Eine oft zitierte Studie zur Digitalisierung der Arbeitswelt kann Arbeitnehmer leicht in düstere Stimmung versetzen: Jeder zweite Beschäftigte, schätzten die Ökonomen Carl Benedikt Frey und Michael A. Osborne von der Universität Oxford am Beispiel der Vereinigten Staaten, arbeite in einem Beruf, der in den kommenden zwei Jahrzehnten automatisiert werden könnte. Und ohne Zweifel bahnen sich mit den wachsenden Möglichkeiten computergestützter Dienstleistungen auch Umbrüche zum Beispiel im Bankgewerbe an.

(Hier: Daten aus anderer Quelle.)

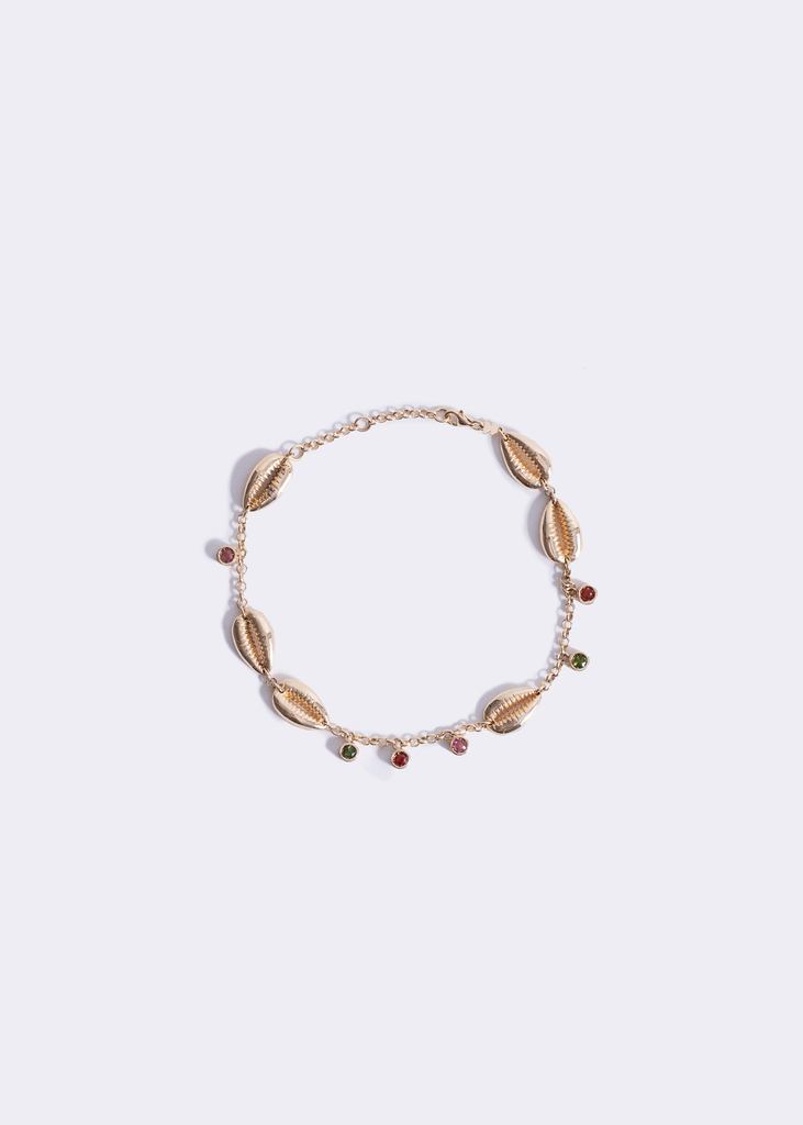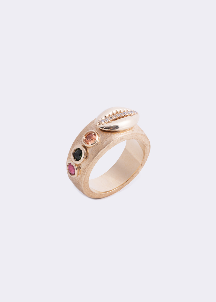 Cada peça é meticulosamente trabalhada para refletir a paisagem natural de Trancoso. Topázios azuis e turmalinas verdes remetem ao mar cristalino, enquanto citrinos e prasiolitas evocam os tons dourados da areia e o frescor da vegetação. Elementos como búzios esculpidos em ouro escovado reforçam a conexão com o oceano e sua simbologia ancestral.
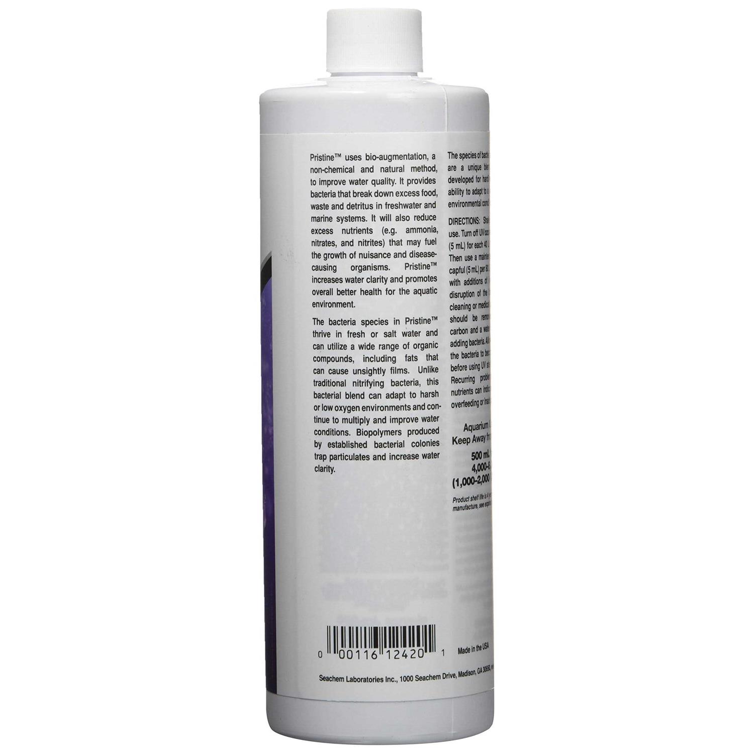 Seachem Pristine Natural organic waste management Rapidly and safely eliminates sludge and detritus Helps increase water clarity Marine and freshwater Pristine uses bio-augmentation, a non-chemical and natural method, to improve water quality. It provides bacteria that break down excess food, waste and detritus in freshwater and marine systems. It will also reduce excess nutrients (e.g. ammonia, nitrates, and nitrites) that may fuel the growth of nuisance and disease-causing organisms. Pristine increases water clarity and promotes overall better health for the aquatic environment. The bacteria species in Pristine thrive in fresh or salt water and can utilize a wide range of organic compounds, including fats that can cause unsightly films. Unlike traditional nitrifying bacteria, this bacterial blend can adapt to harsh or low oxygen environments and continue to multiply and improve water conditions. Biopolymers produced by established bacterial colonies trap particulates and increase water clarity. The species of bacteria in Pristine are a unique blend, specifically developed for hardiness and their ability to adapt to a wide variety of environmental conditions. Directions Shake well before use. Turn off UV/ozone. Use 1 capful (5 mL) for each 40 L (10 US gallons). Then use a maintenance dose of 1 capful (5 mL) per 80 L (20 US gallons) with additions of livestock or the disruption of the biofilter through cleaning or medications. Antibiotics should be removed with fresh carbon and a water change before adding bacteria. Allow 2 or 3 days for the bacteria to become established before using UV sterilizers or ozone. Recurring problems with high nutrients can indicate overstocking, overfeeding or inadequate filtration.

Trotzdem blicken offenbar die Beschäftigten des deutschen Bankgewerbes mindestens in dieser Hinsicht vergleichsweise zuversichtlich in die Zukunft. Sie sehen in ihrem Arbeitsumfeld zwar Risiken, zugleich aber auch erhebliche Chancen. Das zeigt eine aktuelle Repräsentativerhebung im Auftrag des Arbeitgeberverbands des privaten Bankgewerbes, für die das Sozialforschungsinstitut TNS-Emnid 800 Beschäftigte der Branche detailliert befragt hat. Die Ergebnisse liegen dieser Zeitung vorab vor. Die Umfrage zeigt, dass die Beschäftigten mehrheitlich auf weitere Veränderungen eingestellt sind, auch schon im Laufe der kommenden zwei Jahre. 44 Prozent gehen davon aus, dass die Digitalisierung in dieser Zeit starke Auswirkungen auf ihr Unternehmen oder ihr persönliches Arbeitsumfeld haben wird. Nur 13 Prozent erwarten keine oder allenfalls geringe Auswirkungen.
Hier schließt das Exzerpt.